-------- Information supplied --------

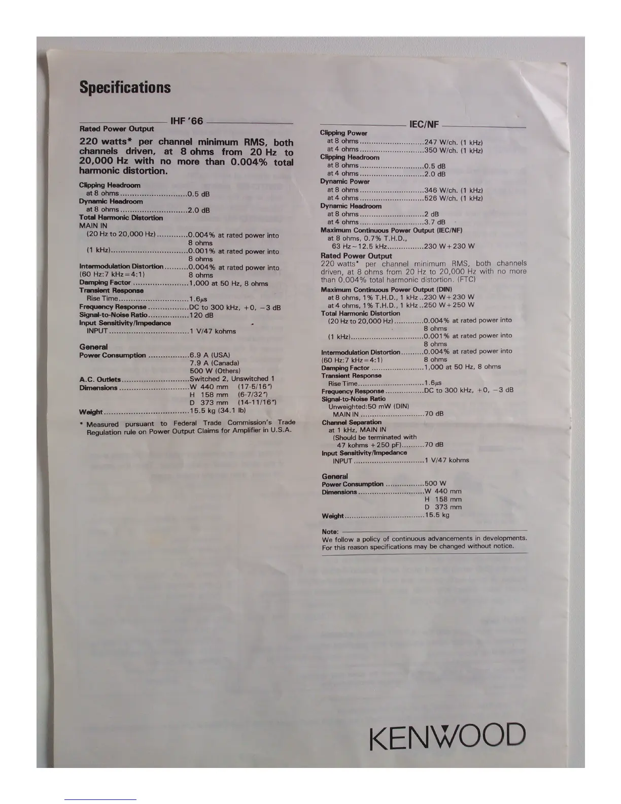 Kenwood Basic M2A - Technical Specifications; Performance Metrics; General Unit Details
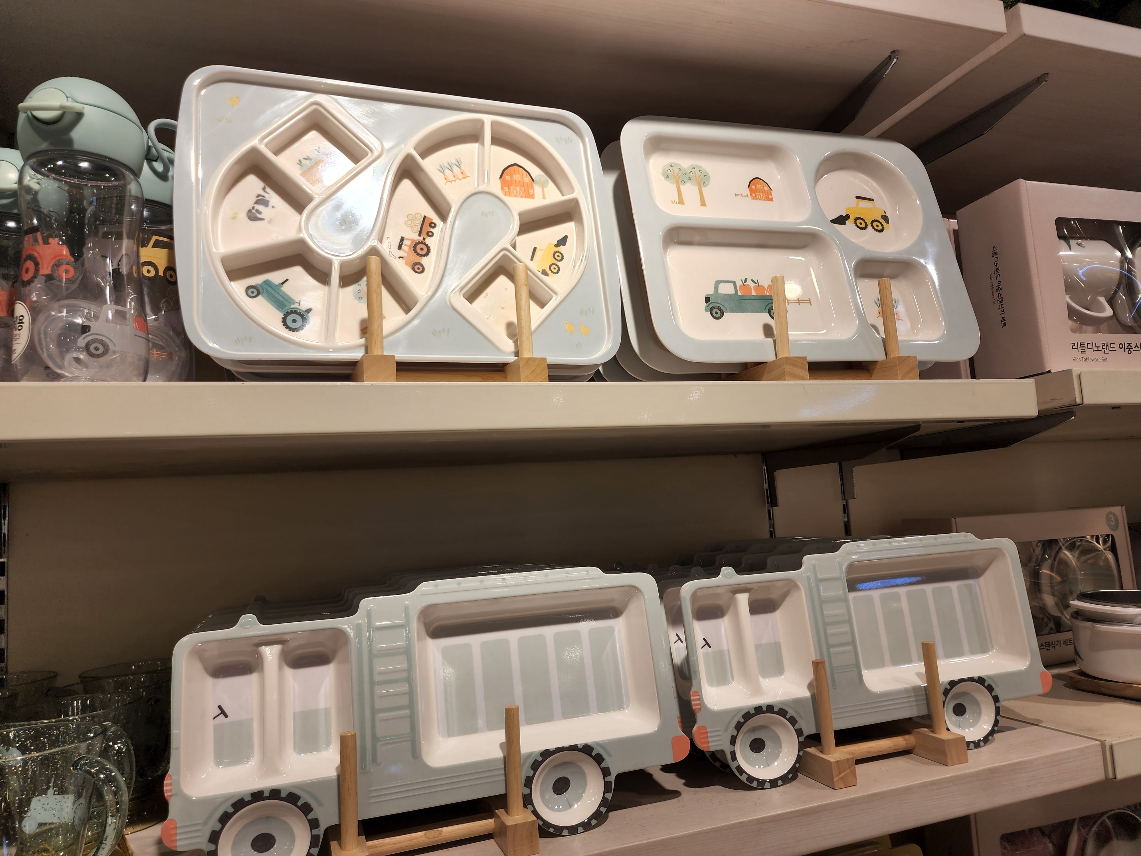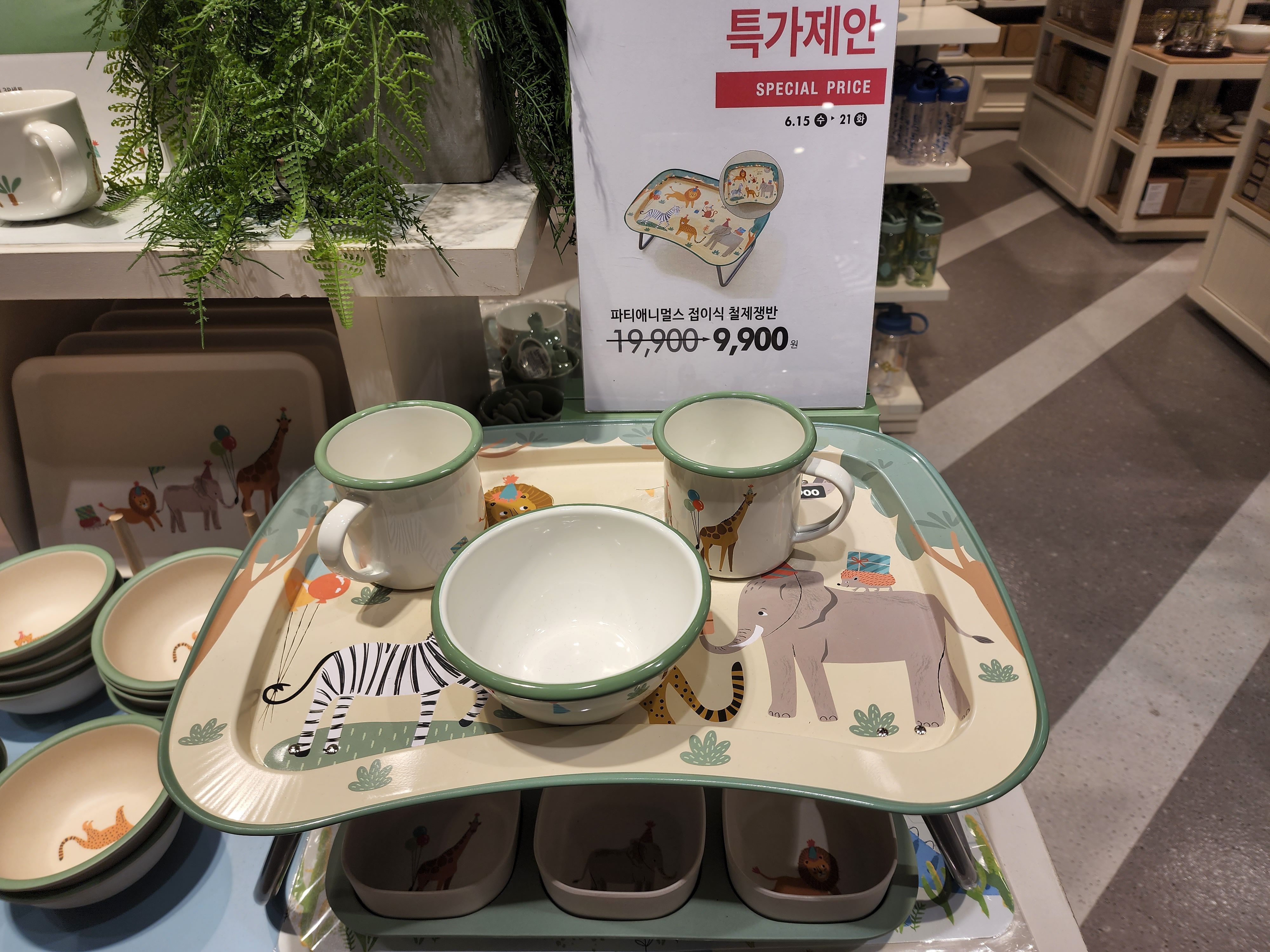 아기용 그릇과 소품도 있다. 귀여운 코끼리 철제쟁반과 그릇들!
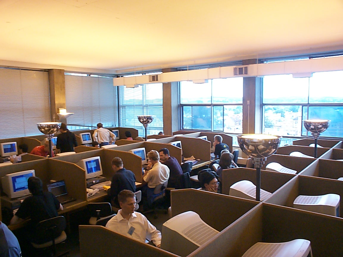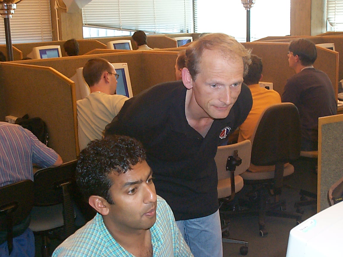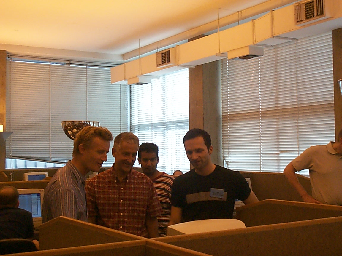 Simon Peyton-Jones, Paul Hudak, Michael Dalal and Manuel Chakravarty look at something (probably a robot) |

--------

* **What the task asks**
In your copy of the data above, leave out the pictures and repeat everything else exactly.

* **Answer to the exercise**
 Kenwood Basic M2A - Technical Specifications; Performance Metrics; General Unit Details
 아기용 그릇과 소품도 있다. 귀여운 코끼리 철제쟁반과 그릇들!
 Simon Peyton-Jones, Paul Hudak, Michael Dalal and Manuel Chakravarty look at something (probably a robot) |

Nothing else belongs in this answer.